- TASK ITEM -
In the records below, repeat word for word only the lines starting at the one that contains "삼호현 (사모지고개) - 노적봉" and ending at the one that contains "เวลา 15.00 น.", pictures excluded.

##### GIVEN ENTRIES

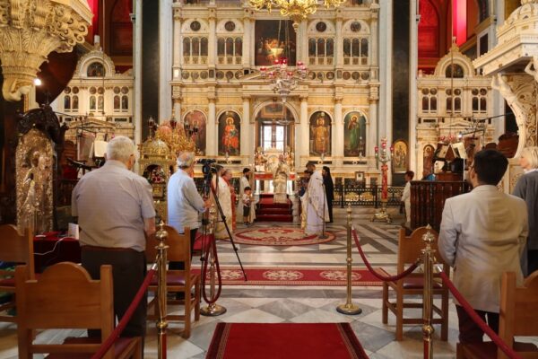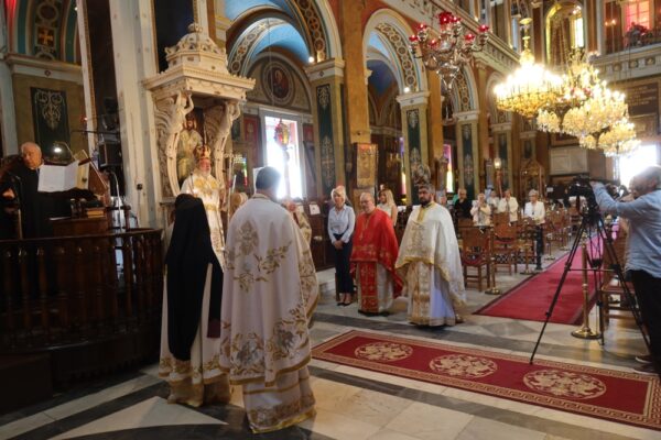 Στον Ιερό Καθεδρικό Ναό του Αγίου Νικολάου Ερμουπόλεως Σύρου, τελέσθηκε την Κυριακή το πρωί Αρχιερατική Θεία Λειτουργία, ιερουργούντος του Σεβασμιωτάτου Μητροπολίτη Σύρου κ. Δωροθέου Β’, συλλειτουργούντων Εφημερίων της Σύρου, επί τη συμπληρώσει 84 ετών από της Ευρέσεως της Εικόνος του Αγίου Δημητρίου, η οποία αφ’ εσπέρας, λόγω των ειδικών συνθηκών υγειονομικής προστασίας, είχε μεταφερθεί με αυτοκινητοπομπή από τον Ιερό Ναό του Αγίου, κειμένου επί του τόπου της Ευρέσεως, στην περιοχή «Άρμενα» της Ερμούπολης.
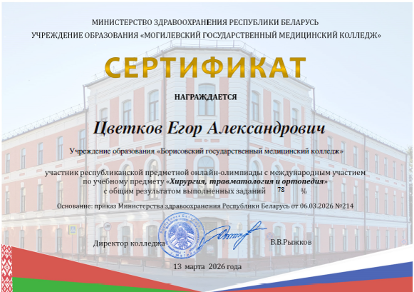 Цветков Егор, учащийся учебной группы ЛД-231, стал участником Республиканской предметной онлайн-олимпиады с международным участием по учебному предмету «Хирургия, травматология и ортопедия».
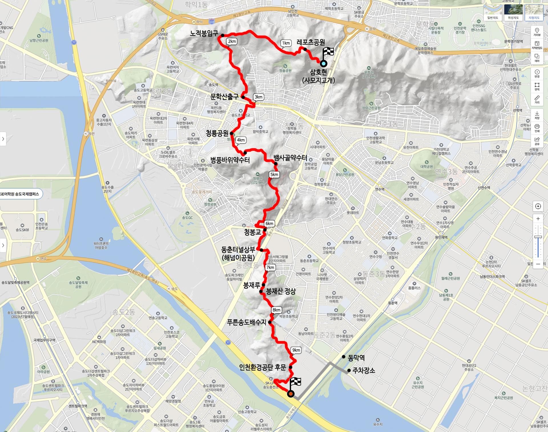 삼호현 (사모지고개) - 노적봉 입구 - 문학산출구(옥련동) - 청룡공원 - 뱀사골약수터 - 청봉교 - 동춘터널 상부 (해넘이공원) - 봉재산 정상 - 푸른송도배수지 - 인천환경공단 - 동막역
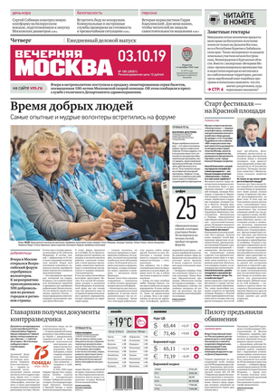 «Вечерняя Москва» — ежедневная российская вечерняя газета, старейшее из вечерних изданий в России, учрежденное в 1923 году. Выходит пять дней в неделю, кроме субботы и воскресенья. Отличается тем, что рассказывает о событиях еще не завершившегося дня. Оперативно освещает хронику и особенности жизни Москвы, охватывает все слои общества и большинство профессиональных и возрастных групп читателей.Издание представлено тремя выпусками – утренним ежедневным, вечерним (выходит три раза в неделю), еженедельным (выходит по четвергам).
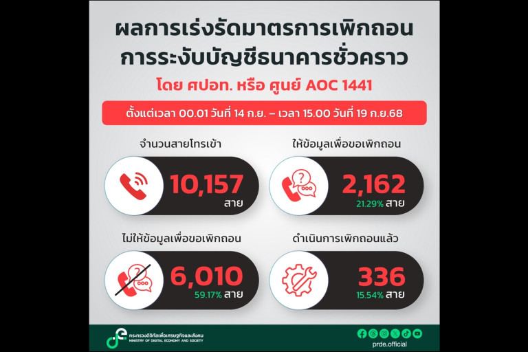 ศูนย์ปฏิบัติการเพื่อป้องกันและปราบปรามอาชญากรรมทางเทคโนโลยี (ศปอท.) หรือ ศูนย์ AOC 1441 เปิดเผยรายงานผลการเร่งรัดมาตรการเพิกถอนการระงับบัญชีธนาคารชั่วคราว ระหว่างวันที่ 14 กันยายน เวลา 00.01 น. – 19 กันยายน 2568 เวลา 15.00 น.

##########
##### GIVEN ENTRIES

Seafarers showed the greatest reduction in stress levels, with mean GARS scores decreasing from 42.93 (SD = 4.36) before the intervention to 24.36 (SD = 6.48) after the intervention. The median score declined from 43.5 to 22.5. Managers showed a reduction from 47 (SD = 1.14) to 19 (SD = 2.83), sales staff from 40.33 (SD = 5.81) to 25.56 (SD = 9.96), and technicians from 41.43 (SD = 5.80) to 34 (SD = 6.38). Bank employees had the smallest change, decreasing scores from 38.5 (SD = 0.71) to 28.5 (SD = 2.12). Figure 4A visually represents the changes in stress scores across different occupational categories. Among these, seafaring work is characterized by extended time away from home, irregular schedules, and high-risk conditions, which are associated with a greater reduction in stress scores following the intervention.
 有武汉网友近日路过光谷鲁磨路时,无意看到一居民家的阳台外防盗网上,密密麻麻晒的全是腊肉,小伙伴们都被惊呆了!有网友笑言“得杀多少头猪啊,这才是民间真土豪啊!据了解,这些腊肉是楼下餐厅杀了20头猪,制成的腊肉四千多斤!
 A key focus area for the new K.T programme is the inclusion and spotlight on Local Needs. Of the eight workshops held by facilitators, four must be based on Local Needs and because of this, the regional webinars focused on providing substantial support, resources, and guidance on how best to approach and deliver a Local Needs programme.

##########

- REPLY -
 삼호현 (사모지고개) - 노적봉 입구 - 문학산출구(옥련동) - 청룡공원 - 뱀사골약수터 - 청봉교 - 동춘터널 상부 (해넘이공원) - 봉재산 정상 - 푸른송도배수지 - 인천환경공단 - 동막역
 «Вечерняя Москва» — ежедневная российская вечерняя газета, старейшее из вечерних изданий в России, учрежденное в 1923 году. Выходит пять дней в неделю, кроме субботы и воскресенья. Отличается тем, что рассказывает о событиях еще не завершившегося дня. Оперативно освещает хронику и особенности жизни Москвы, охватывает все слои общества и большинство профессиональных и возрастных групп читателей.Издание представлено тремя выпусками – утренним ежедневным, вечерним (выходит три раза в неделю), еженедельным (выходит по четвергам).
 ศูนย์ปฏิบัติการเพื่อป้องกันและปราบปรามอาชญากรรมทางเทคโนโลยี (ศปอท.) หรือ ศูนย์ AOC 1441 เปิดเผยรายงานผลการเร่งรัดมาตรการเพิกถอนการระงับบัญชีธนาคารชั่วคราว ระหว่างวันที่ 14 กันยายน เวลา 00.01 น. – 19 กันยายน 2568 เวลา 15.00 น.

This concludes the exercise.